Vagal control of the heart: central serotonergic (5‐HT) mechanisms

Cardiac vagal preganglionic neurones (CVPNs) are located within the dorsal vagal nucleus (DVN) and the nucleus ambiguus (nA). In mammals, CVPNs within the nA have small myelinated axons and mediate major chronotropic effects, those in the DVN have non‐myelinated axons and mediate smaller chronotropic, dromotropic and inotropic effects. Numerous studies demonstrate important influences of serotonin (5‐HT) at multiple sites controlling autonomic outflows including the nucleus tractus solitarius (NTS) where cardiorespiratory afferent fibres terminate, and the CVPNs and rostral ventrolateral medulla (RVLM), the location of sympathetic premotor neurones. We have demonstrated roles for some of the numerous 5‐HT receptor subtypes (5‐HT 1 , 5‐HT 2 , 5‐HT 3 , 5‐HT 4 and 5‐HT 7 ) in brainstem regions involved in cardiac control. Intracisternal application of selective ligands was used to study the effect of 5‐HT receptors on heart rate and its reflex control. Further electrophysiological studies were also carried out to delineate their location and the mechanisms of action of these ligands. Blocking 5‐HT 1A receptors attenuated bradycardias evoked by stimulating baroreceptor and cardiopulmonary afferents but not arterial chemoreceptors, whereas antagonizing 5‐HT 7 receptors markedly attenuated all these reflex bradycardias. Within the DVN, nA and NTS, activation of 5‐HT 1A receptors could excite or inhibit neurones.
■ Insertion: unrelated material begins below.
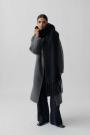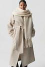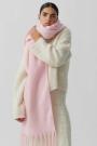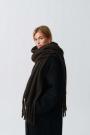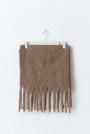 Big scarf with fringes along the short sides. The scarf is beige and has chunky fit.
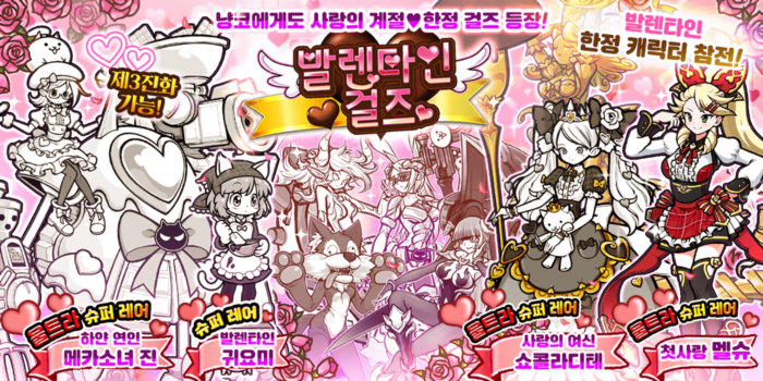 이벤트 기간 한정으로 발렌타인 의상의 캐릭터들이 출현하는 ‘발렌타인 걸즈’ 뽑기도 개최된다.

In the NTS 5‐HT 2 receptors also had variable effects; 5‐HT 2B receptors excite and 5‐HT 2C receptors inhibit. Antagonism of 5‐HT 3 receptors attenuated upper airway and cardiopulmonary reflex bradycardias; this is compatible with data showing that 5‐HT 3 receptors excite DVN and NTS neurones by a glutamate‐dependent mechanism. The origin of the glutamate (neuronal or glial) remains unresolved but glia are a possibility as barorecptor‐sensitive NTS neurones receive few direct 5‐HT‐containing synaptic contacts. Thus, 5‐HT plays a critical role in the control of vagal outflow to the heart; however, why so many different receptors are involved, and their relative functional roles, remains unresolved.